Trinity researchers win Science Foundation Ireland 2019 Science Awards

Professors Lydia Lynch and Danny Kelly of Trinity have won Science Foundation Ireland 2019 Science Awards for their significant research contributions.

They were among the 10 winners announced at the annual SFI Science Summit, at which over 300 leading members of Ireland’s research community came together to celebrate their research achievements.

Lydia Lynch, Associate Professor in Trinity’s School of Biochemistry and Immunology, won one of two SFI Early Career Researcher Awards, which recognise outstanding early career research talent.

Dr Lynch graduated from University College Dublin with a BSc in Cell Biology and Genetics and a PhD in Immunology and went onto receive a Newman Fellowship for her early post-doctoral studies in St Vincent’s University Hospital, where she helped establish the Immunology and Obesity Lab. Here she discovered adipose iNKT cells and demonstrated that their activation could help manage obesity and metabolic disease.

Dr Lynch is also the recipient of the prestigious L’Oreal-UNESCO International Women in Science Award and a Marie Curie International Fellowship, which allowed her to move to Harvard Medical School in 2013 and continue studying immunometabolism. While at Harvard, she was a recipient of the inaugural Innovation Evergreen Fund award.

Dr Lydia Lynch is also the holder of an American Diabetes Association Award and a Cancer Research Institute Award as well as a European Research Council (ERC) Starting grant and SFI President of Ireland Future Research Leader Award and currently leads an international team in immunometabolism in Trinity.

Danny Kelly, Professor in the AMBER SFI Research Centre for Advanced Materials and BioEngineering Research, and Director of the Trinity Centre for Biomedical Engineering, won the SFI Industry Partnership Award for collaboration with Johnson & Johnson Services, Inc.

Professor Kelly leads a large multidisciplinary orthopaedic tissue engineering group. He holds the Chair of Tissue Engineering at Trinity and has received three prestigious European Research Council (ERC) awards. He is at the forefront of tissue regeneration using 3D bioprinting strategies.

Through his position at AMBER he has led the Johnson & Johnson partnership on the TRANSITION programme, funded under SFI’s Spokes programme to develop a new class of 3D-printed biological implants that will regenerate, rather than replace, diseased joints.

TRANSITION is a shared vision and expands upon AMBER’s long-standing collaboration with DePuy Ireland Unlimited Company.

TRANSITION, led by Professor Danny Kelly, brings together Principal Investigators and researchers from four AMBER partners (DCU, RCSI, Trinity and UCD) and scientists and engineers from Johnson & Johnson’s 3D Printing Centre of Excellence and DePuy Synthes.

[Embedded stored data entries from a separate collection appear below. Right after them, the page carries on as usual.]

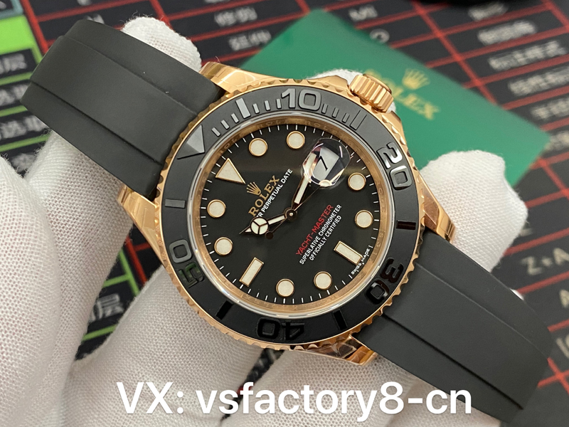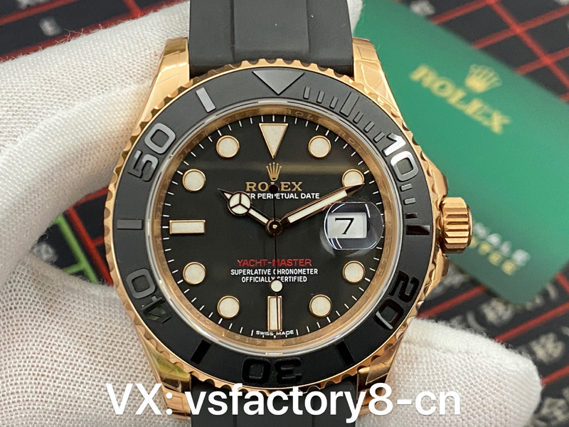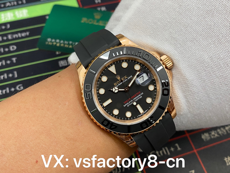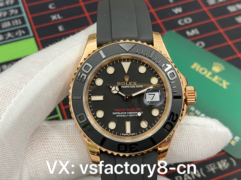 2022年VS厂手表官网劳力士复刻表新品预售:VS厂劳力士金游艇系列,机芯采用丹东3235机芯,持续超强储存动能,打遍市场上所有版本,采用玫瑰金壳套,陶瓷圈口,玫瑰金表扣。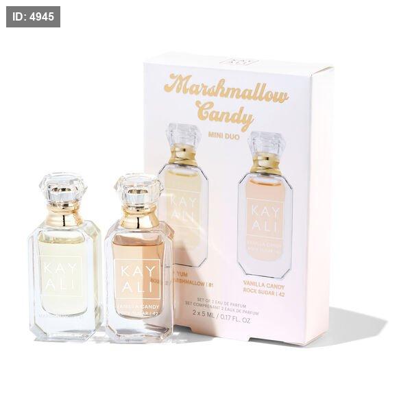 Experience the irresistible sweetness of the KAYALI Marshmallow Candy Mini Duo, a fragrance set that pairs Yum Boujee Marshmallow | 81 Eau de Parfum Intense with Vanilla Candy Rock Sugar | 42 Eau de Parfum in 5ml bottles.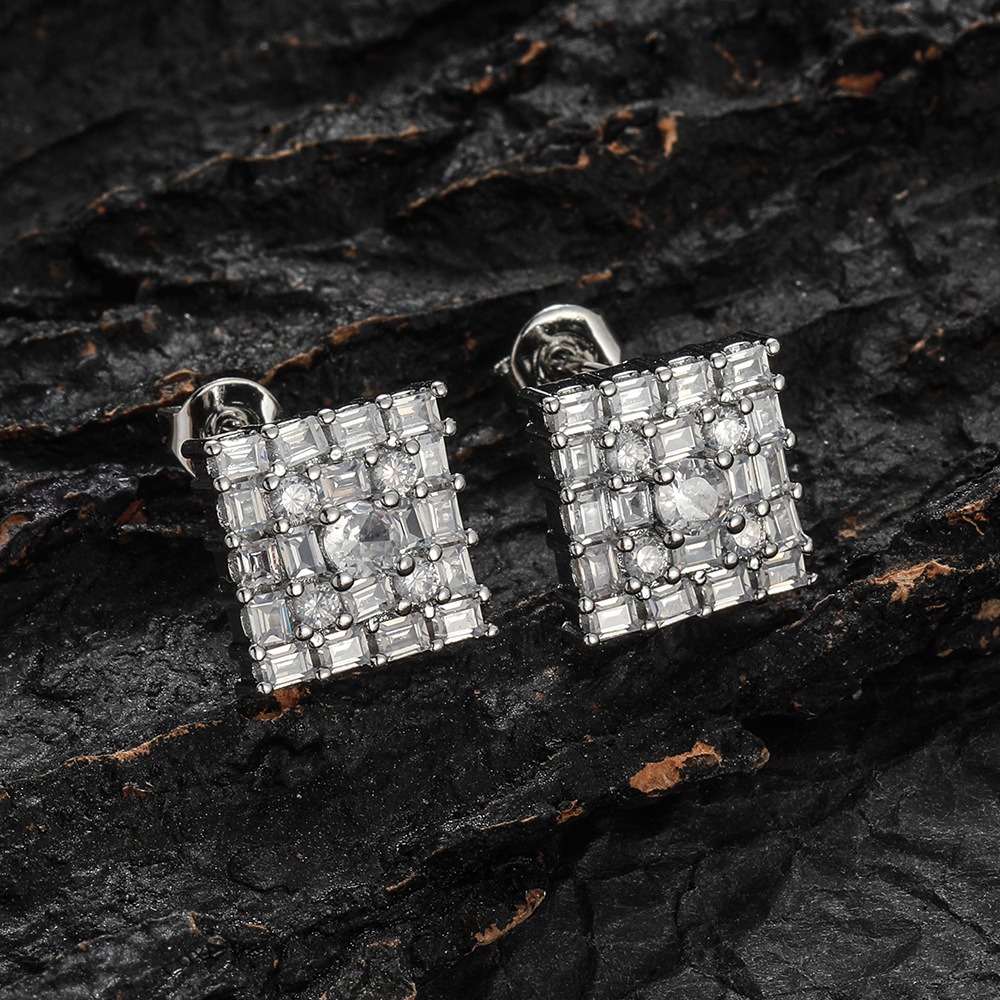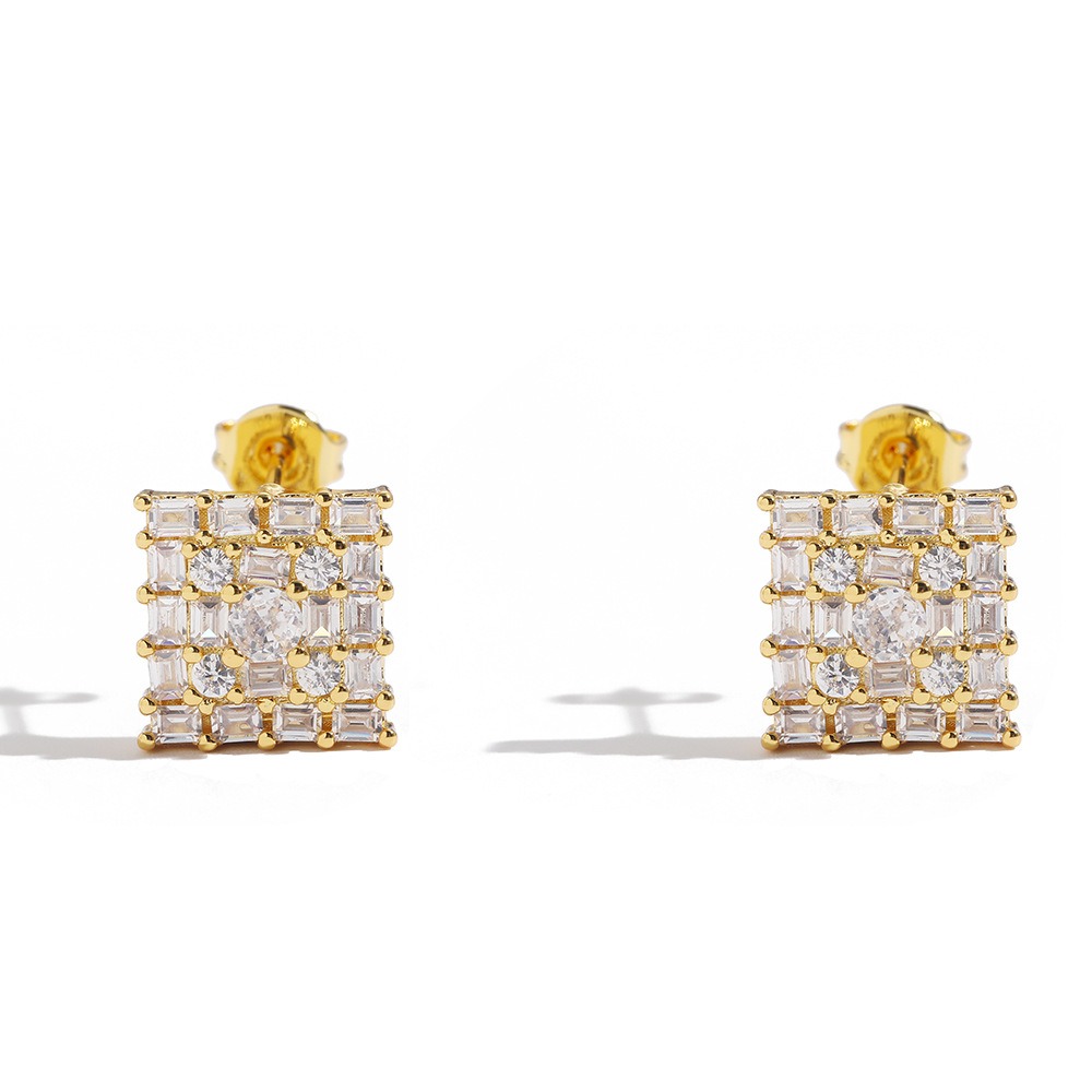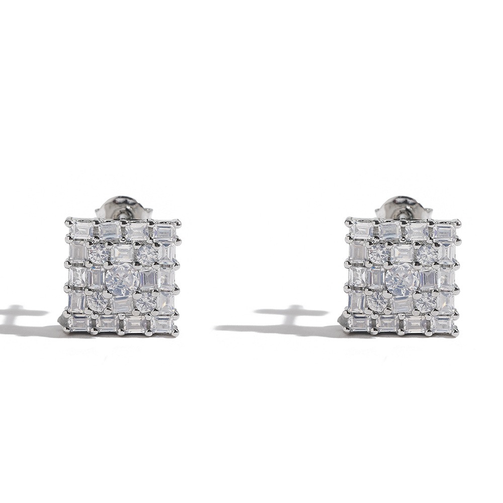Hip-hop earrings copper inlaid zircon 10mm square earrings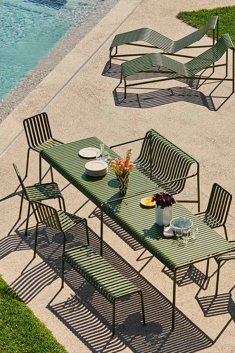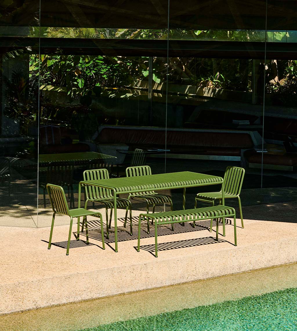 PALISSADE lauko baldų kolekcija – dizainerių Ronan & Erwan Bouroullec šedevras. Kolekcijos pradžia buvo netikėta ir evoliucionavo iš bandomųjų brolių Bouroullec studijoje gimusių prototipų. PALISSADE serijos baldai grakštūs, patvarūs, klasikinių formų, paprastos, tačiau preciziškos konstrukcijos. Kiekvienas PALISSADE savitas subtiliais kampų nuokrypiais bei linkių variacijomis, padedančiais išlaikyti besiilsintį žmogaus kūną natūralioje pusiausvyroje. Patogus ir elegantiškas dizainas, derinamas su subtilių spalvų palete, atrodys puikiai tiek miesto, tiek užmiesčio aplinkoje, jos neužgožiant, o papildant.

A significant milestone was realised earlier this year with the establishment of the Collaborative Bioprinting Laboratory in the Trinity Biomedical Sciences Institute, which co-locates researchers from both sides of the partnership.

Professor Kelly said:

I am delighted to receive this Industry Partnership Award from Science Foundation Ireland.

I would like to thank my colleagues at AMBER and Johnson and Johnson for all their hard work in building this collaboration. I would also like to thank Science Foundation Ireland for their continued support over the past 10 years; this collaboration builds on the discoveries and innovations we have made in that time.

Acknowledging all 10 SFI 2019 Science Award winners, John Halligan, Minister for Training, Skills, Innovation and Research and Development, said:

“The Science Foundation Ireland Awards recognise the breadth and depth that research encompasses from industry collaborations to public engagement and the innovative breakthroughs that are leading research globally in the areas of Immunology, Biomaterials, Cancer research and much more. I would like to congratulate each awardee on their achievements, which illustrate the invaluable knowledge and resource that Ireland’s research community offers. I am also pleased to see mentorship amongst the awards this year, highlighting the importance of supporting the next generation of researchers and enriching our growing research community.”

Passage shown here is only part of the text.